So far, for me, Ni200 and Ti don't have very good characteristics as a vaping wire, I much prefer Kanthal for its versatility and ease of use. I like Ni200 and Ti equally for different reasons and I vape TC 90% of the time not because of the wire but because it really does protect me from nasty hits.

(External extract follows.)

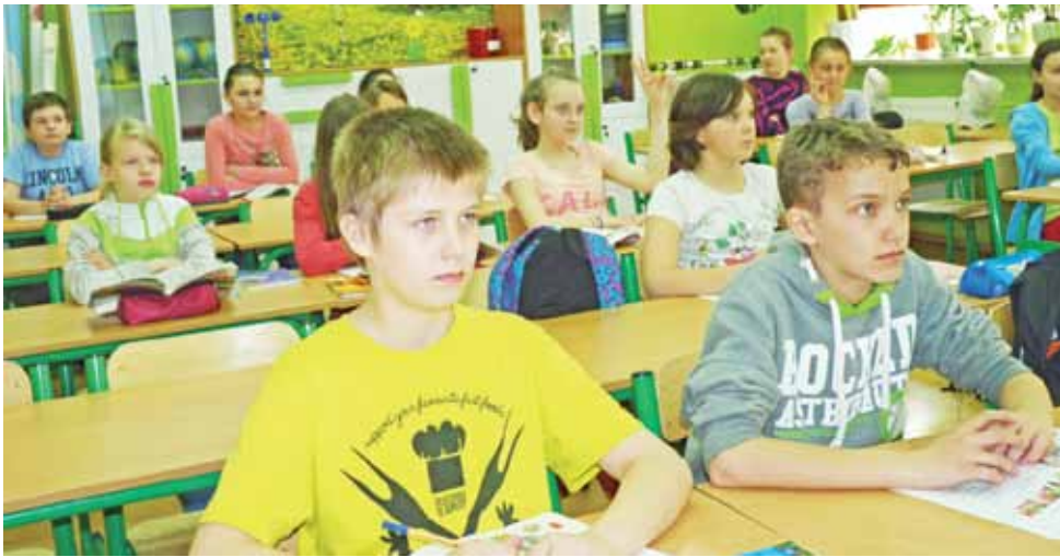
Nowa pracownia i nowoczesne pomoce naukowe są do dyspozycji uczniów ze Szkoły Podstawowej w Kocierzewie Płd. już od marca.

Kocierzew Płd. | Łatwiej zdobywać wiedzę

Please god can you send us a TC Kanthal mod?.

K thanks bye x.


----------



## Andre (15/12/15)

Sprint said:


> Ni200 in my experience develops hot spots in the middle of the coil if touching and there is nothing you can do to stop it.
> 
> So far, for me, Ni200 and Ti don't have very good characteristics as a vaping wire, I much prefer Kanthal for its versatility and ease of use. I like Ni200 and Ti equally for different reasons and I vape TC 90% of the time not because of the wire but because it really does protect me from nasty hits.
> 
> ...


Try NiFe48. All the attributes of Kanthal, but can be used for TC: http://www.zivipf.com/epages/638622...h=/Shops/63862298/Categories/Heizdraht/NiFe48


----------



## capetocuba (15/12/15)

Andre said:


> Try NiFe48. All the attributes of Kanthal, but can be used for TC: http://www.zivipf.com/epages/638622...h=/Shops/63862298/Categories/Heizdraht/NiFe48


I have been looking at this http://www.stealthvape.co.uk/wire/NiFe30-wire


----------



## Andre (15/12/15)

capetocuba said:


> I have been looking at this http://www.stealthvape.co.uk/wire/NiFe30-wire


Not as good as the NiFe48 (52) for TC apparently.

Reactions: Thanks 1


----------